Segment Start: SUPPLIED DATA

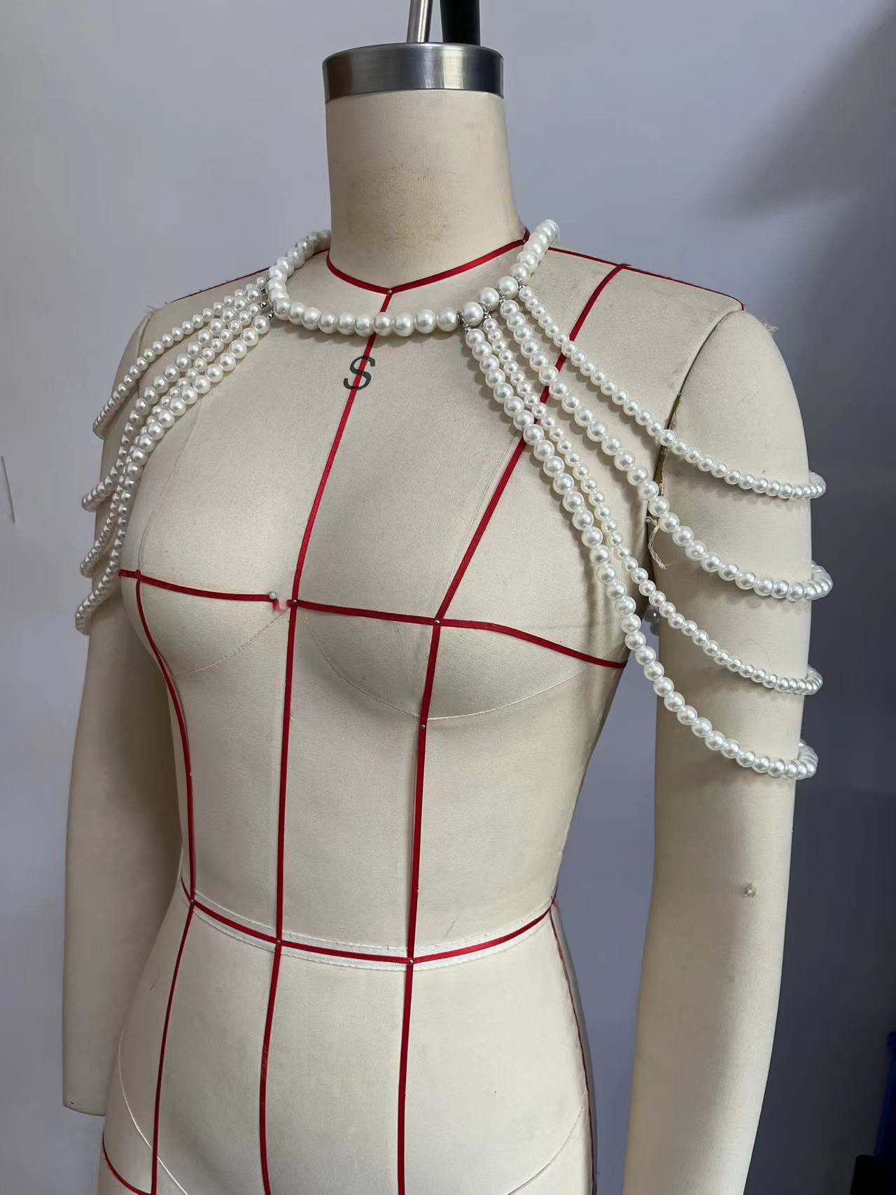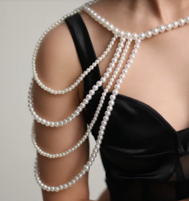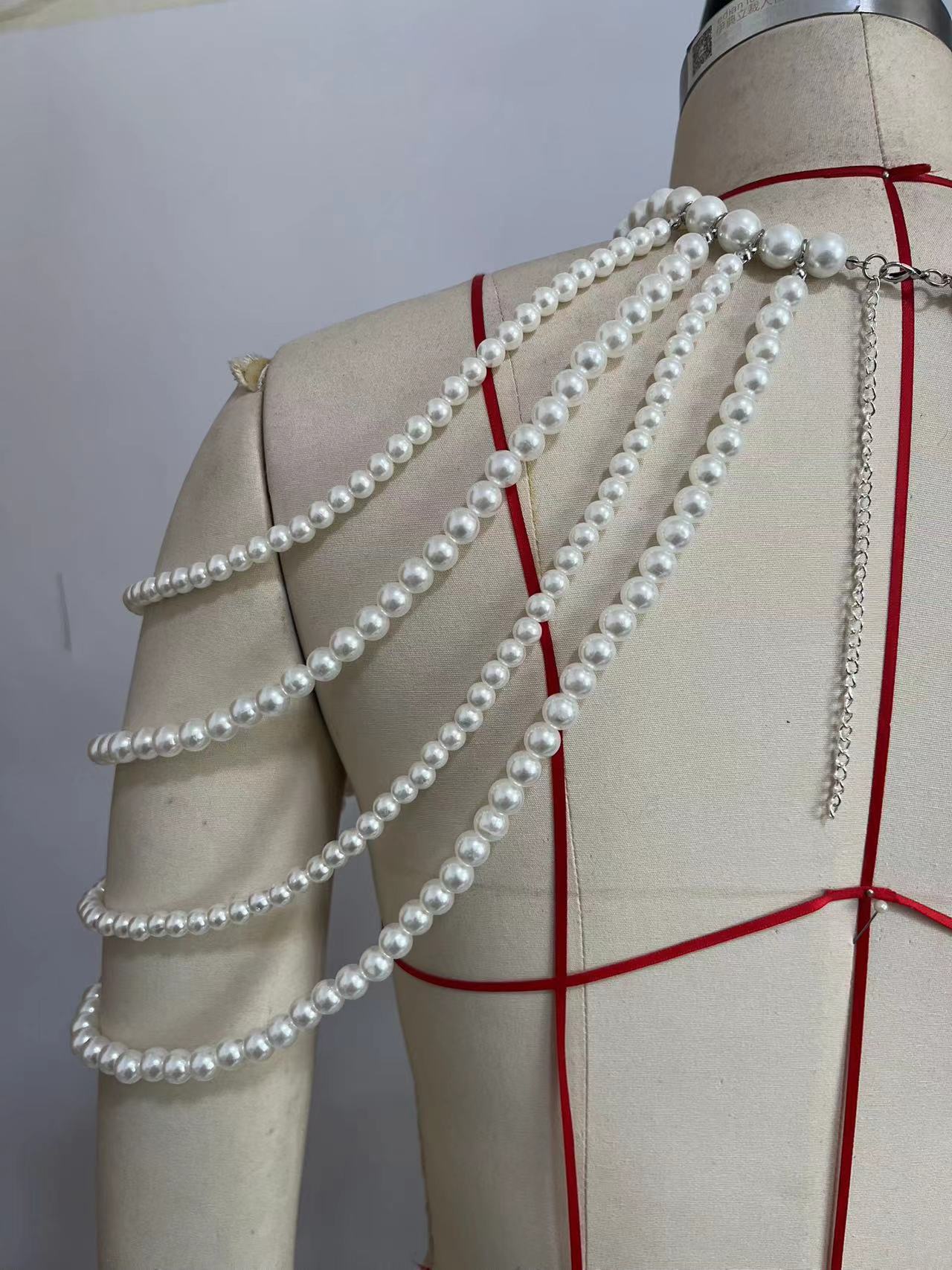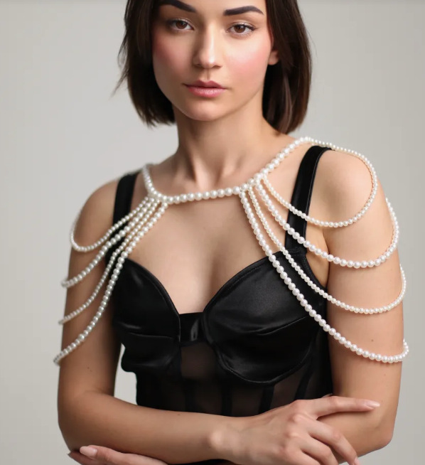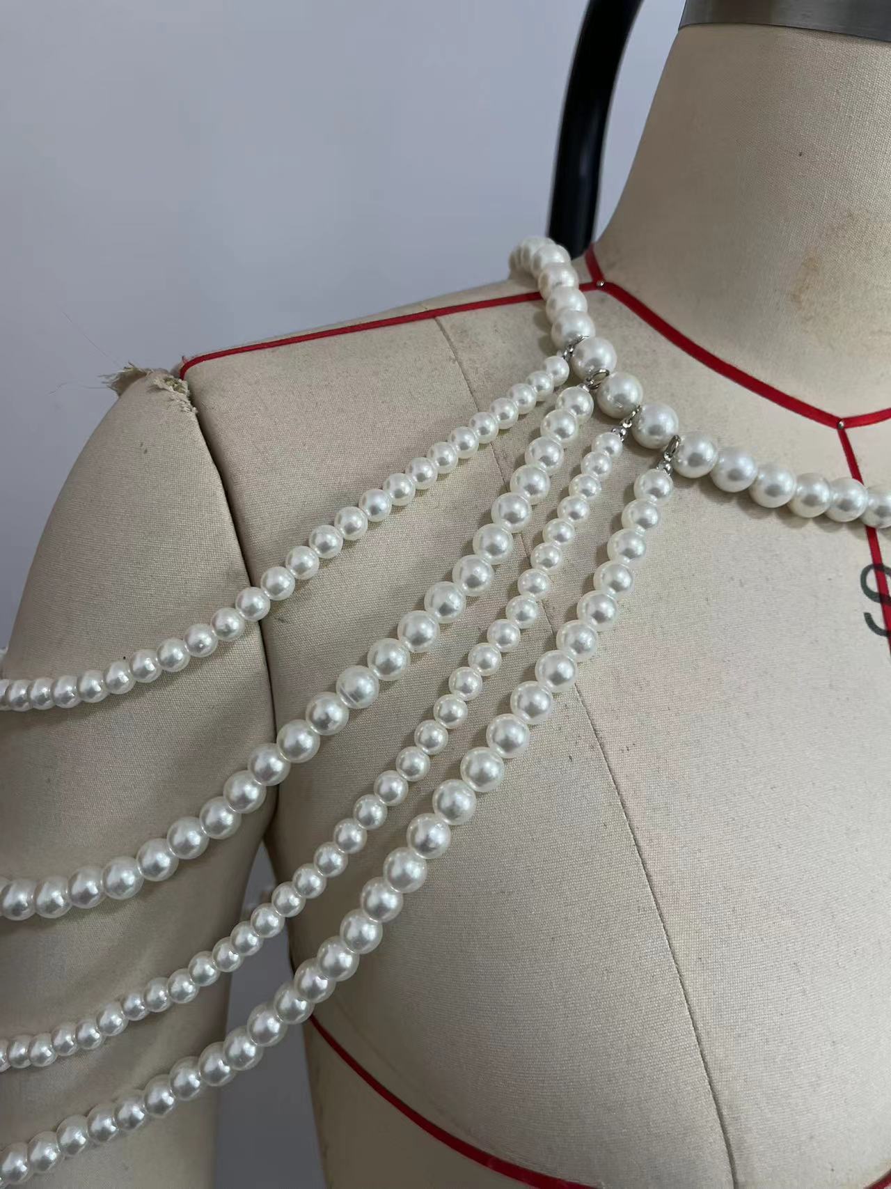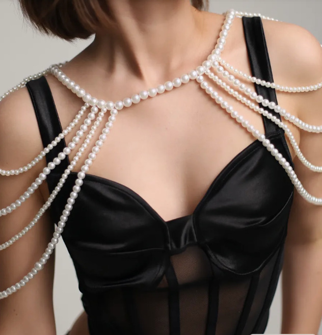 L6572Y ヨーロッパとアメリカのクロスボーダーファッションパールショルダーチェーン鎖骨チェーンブライダルウェディングアクセサリーネックレス多層ショルダーチェーンリアルショット
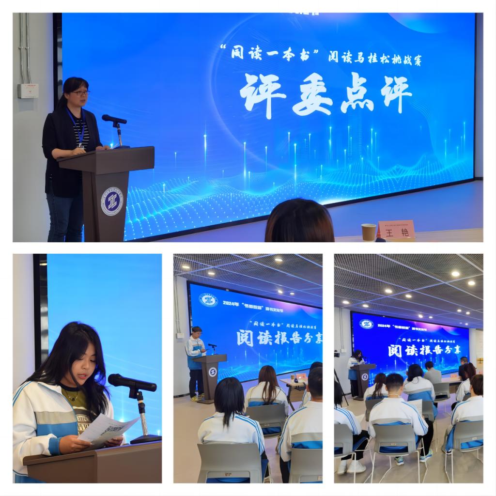 在“同读一本书”阅读马拉松挑战赛交流环节,参赛代表李维洁、陈佳乐、牛立群、赵碧莹、亢晓蓉、吴佳龙分享了阅读报告,评委代表公共课教学部部长赵娇对本次阅读报告进行了精彩的点评。她指出,通过阅读报告看到了三个亮点,一是报告内容旁征博引,显示出大学生平时阅读之广,积累之足;二是充分体现了“品”的能力,体现了同学们对作品内涵的理解;三是看到了读者独到的见解。针对报告中存在的问题,赵部长提出建议,希望同学们提升报告规范程度和研究执行能力,不拘泥于问题深度理解作品内涵,加强团队合作保证报告整体均衡。她希望大家借助阅读马拉松的平台多读书、读好书,在阅读中建设自我,带着青年人的自信昂首挺胸,投入到国家新时代的伟大建设中来。
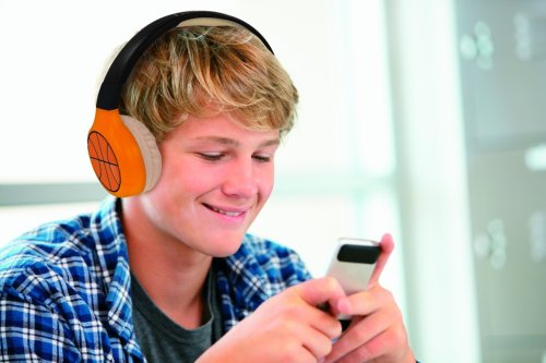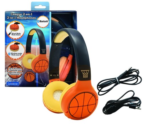 Slúchadlá Lexibook 2v1 Bluetooth skladacie Basketbal sú navrhnuté špeciálne pre deti a kombinujú zábavný športový dizajn s modernými technológiami. Ich výrazný vzhľad je inšpirovaný basketbalovou loptou, čo je podčiarknuté oranžovými slúchadlami s čiernymi linkami pripomínajúcimi textúru lopty a tmavomodrým náhlavným mostom s malým symbolom basketbalového koša. Polstrovanie mušlí je mäkké a žlté, čo zvyšuje komfort pri nosení. Vďaka skladacej konštrukcii sú slúchadlá ľahko prenosné a skladné.

Segment End: SUPPLIED DATA

• [ASSIGNMENT]
Each line above must be set down exactly, though no picture should be carried over.

• [TASK OUTPUT]
 L6572Y ヨーロッパとアメリカのクロスボーダーファッションパールショルダーチェーン鎖骨チェーンブライダルウェディングアクセサリーネックレス多層ショルダーチェーンリアルショット
 在“同读一本书”阅读马拉松挑战赛交流环节,参赛代表李维洁、陈佳乐、牛立群、赵碧莹、亢晓蓉、吴佳龙分享了阅读报告,评委代表公共课教学部部长赵娇对本次阅读报告进行了精彩的点评。她指出,通过阅读报告看到了三个亮点,一是报告内容旁征博引,显示出大学生平时阅读之广,积累之足;二是充分体现了“品”的能力,体现了同学们对作品内涵的理解;三是看到了读者独到的见解。针对报告中存在的问题,赵部长提出建议,希望同学们提升报告规范程度和研究执行能力,不拘泥于问题深度理解作品内涵,加强团队合作保证报告整体均衡。她希望大家借助阅读马拉松的平台多读书、读好书,在阅读中建设自我,带着青年人的自信昂首挺胸,投入到国家新时代的伟大建设中来。
 Slúchadlá Lexibook 2v1 Bluetooth skladacie Basketbal sú navrhnuté špeciálne pre deti a kombinujú zábavný športový dizajn s modernými technológiami. Ich výrazný vzhľad je inšpirovaný basketbalovou loptou, čo je podčiarknuté oranžovými slúchadlami s čiernymi linkami pripomínajúcimi textúru lopty a tmavomodrým náhlavným mostom s malým symbolom basketbalového koša. Polstrovanie mušlí je mäkké a žlté, čo zvyšuje komfort pri nosení. Vďaka skladacej konštrukcii sú slúchadlá ľahko prenosné a skladné.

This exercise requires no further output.